Однако и проросший, он не в состоянии избавиться от характерного заторможенного жеста, вязкой, пластилиновой какой-то моторики движений и преодолеть откровенно пониженную реактивность. Будь он в нормальном состоянии, то, на крайний случай, заслонил бы лицо руками.
Черная резиновая дубинка, взявшая разбег где-то в немом и бесплотном закадровом пространстве, описывает правильную дугу и приземляется точно по центру его лба.
Удар хорош, профессионален, смазан легкой оттяжкой - кожа, мышиным голосом тонко пискнув, лопается, рана распускается, точно сонная алая роза на рассвете, обнажая беззащитные ткани.

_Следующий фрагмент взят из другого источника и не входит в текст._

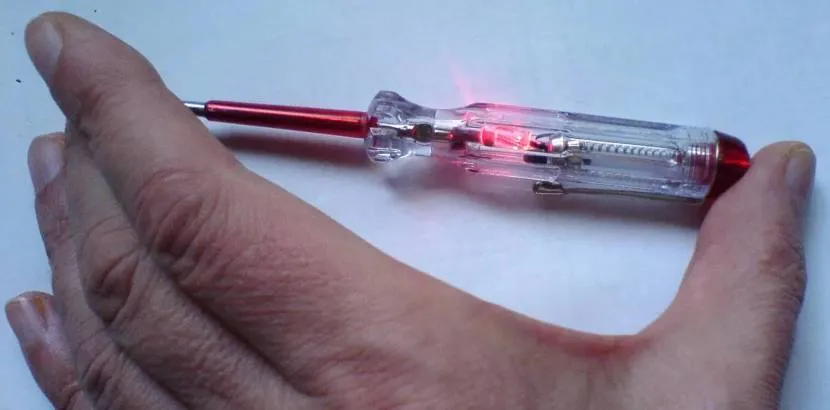 - в момент прикосновения жала к фазе, индикатор на отвертке начинается светиться.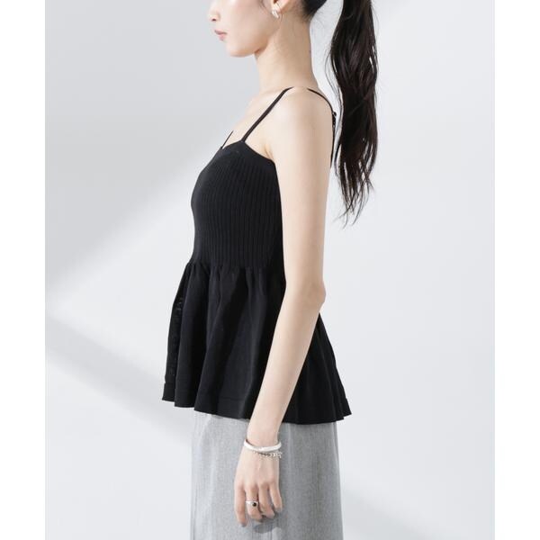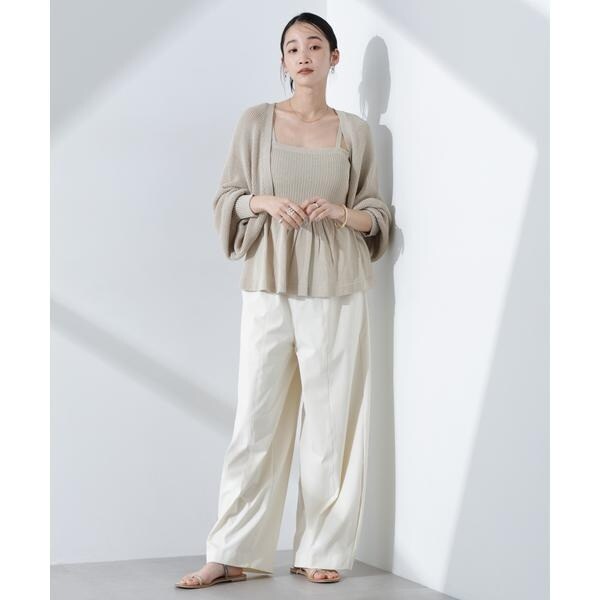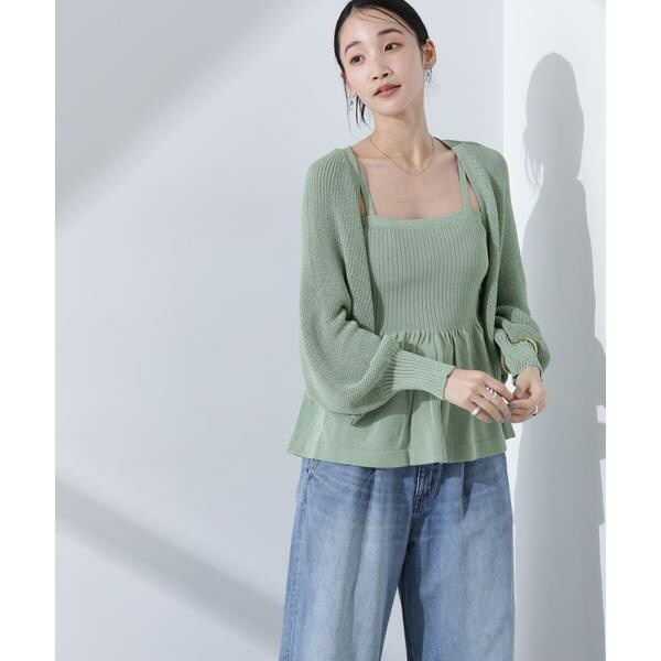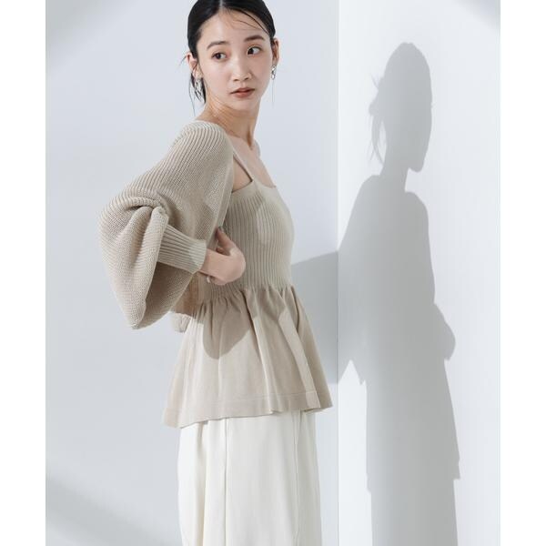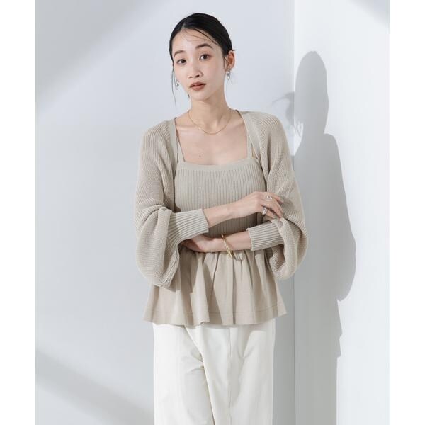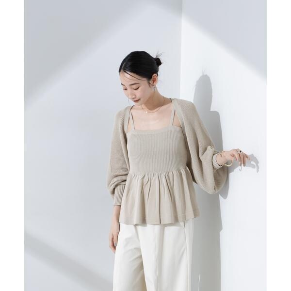 キャッチーなペプラムシルエットのキャミソールと、ショート丈ボレロのニットアンサンブル。セットで着用してトレンドスタイルが様になるだけでなく、それぞれ単品でも着回しやすく、コーディネートの幅が広がる万能アイテムです。

- М-м-м-э-э! - скорее недоуменно, нежели протестующе мычит он и падает на колени.
Если он и чувствует боль, то скорее всего воспринимает ее толчки как некое постороннее вмешательство в постороннюю, ему не принадлежащую, плоть, анестезия замешалась в крови слишком круто. Алкоголь - само собой, и наверняка он сдобрен хорошей дозой курева, имеющего отчетливый сладковатый медовый запах (аромат именно такого свойства должен сочиться от человека с настолько бессмысленным латунным взглядом и напрочь выведенным из строя речевым аппаратом).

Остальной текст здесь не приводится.